The devotion part can be a bit tricky, now I place it on the same glass chair as time. Indeed it takes a lot of time, more like consumes all the time you have, and even more, without even bothering to check the clock. It often ends up in burned dinners or missed phone-calls, or as the White Rabbit (Alice in Wonderland) says, being ‘late for a very important date’.
On a tree-like chair, sitting next to me sits the creativity/imagination. I like this chair, it has all the colours of the rainbow in all the weirdly twisted branches and points in every directions onward, most of all upward. I believe it’s appropriate for such a wild beast as ones creative power/imagination. Why am I /-ing the two? Well the way I see it they are not all alike and yet all the same. Yes, pretty similar and equally important but not quite the same. Often when I write, and let my imagination run loose, I need my creativity when I edit the piece. I am distinguishing between the two by placing the creativity next to the crafting of the written form of the imagination.
Around the courage in front of me I have a lot of small chairs and they are filled with books, newspapers, magazines, brochures, articles, journals and written materials I still need to get to.

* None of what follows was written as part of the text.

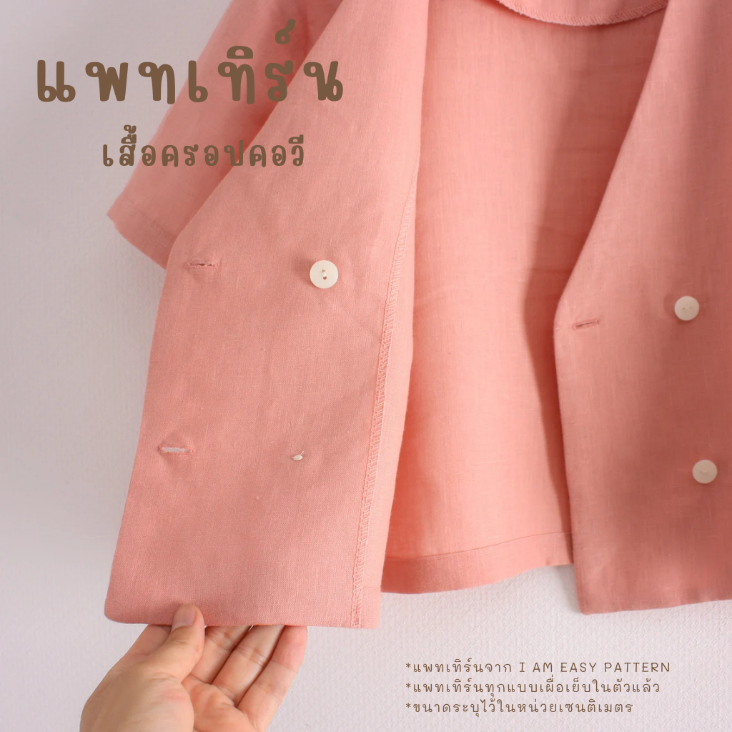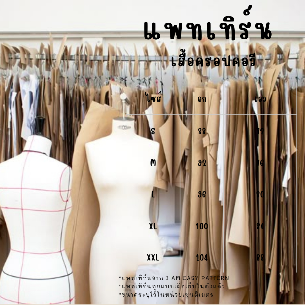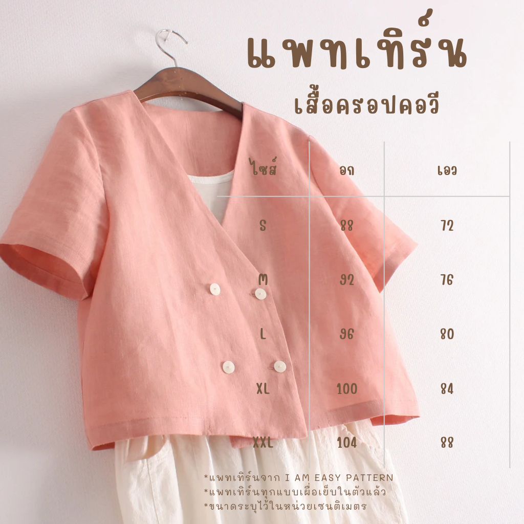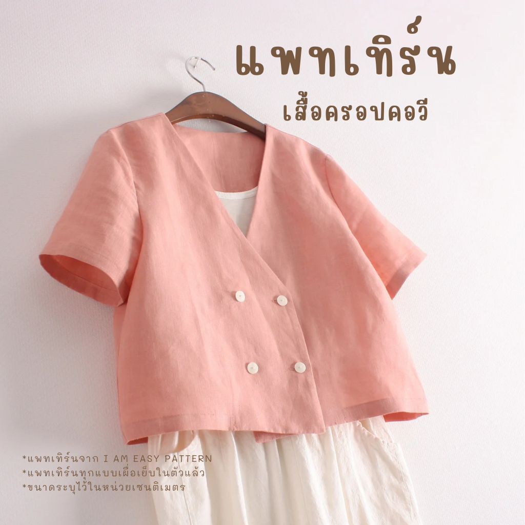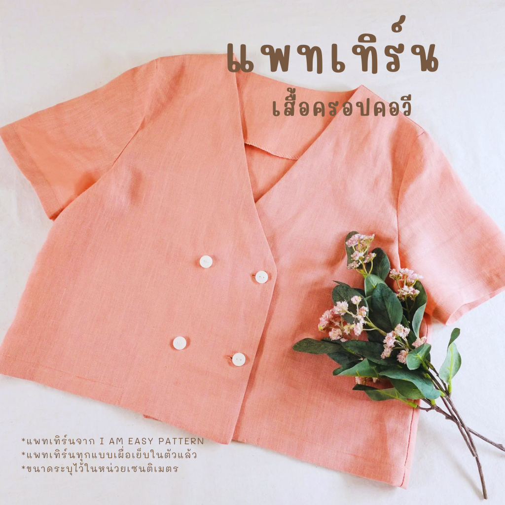 แพทเทิร์นเสื้อครอป คอวีแขนสั้น สำหรับตัดเย็บเสื้อผ้า มีพร้อมส่ง

Everything from J. Gardner, passing S. Mayer, taking a turn to a Tolkien classic, and after a few children books, sport and beauty magazines crashing into a D. Brown. Why? Because as much as a good read is important, some bad will hopefully help to avoid this kind of mistake in the future.
Observation. A conversation on the bus, an outfit in the store you think no one sane will ever wear, meeting an old friend, a loss, a win, a smile, a heartbreak. Observation. There are thousands of stories waiting to be found all around us, being fictional or factual. Stories lurking around in the dark corners of ones imagination, stories hiding in the shadows of the backstreet alleys, stories dancing proudly in front of us oh a bright day, a different story in every snowflake, in each ray of sunshine that touches the face of the Earth… and quite possible in space as well.
To be able to see all those stories, to touch them and dare to explore them, to get to the heart of each one of them. To create, master and enjoy what is inside your own soul and dare to share it on a piece of paper with the rest of the world.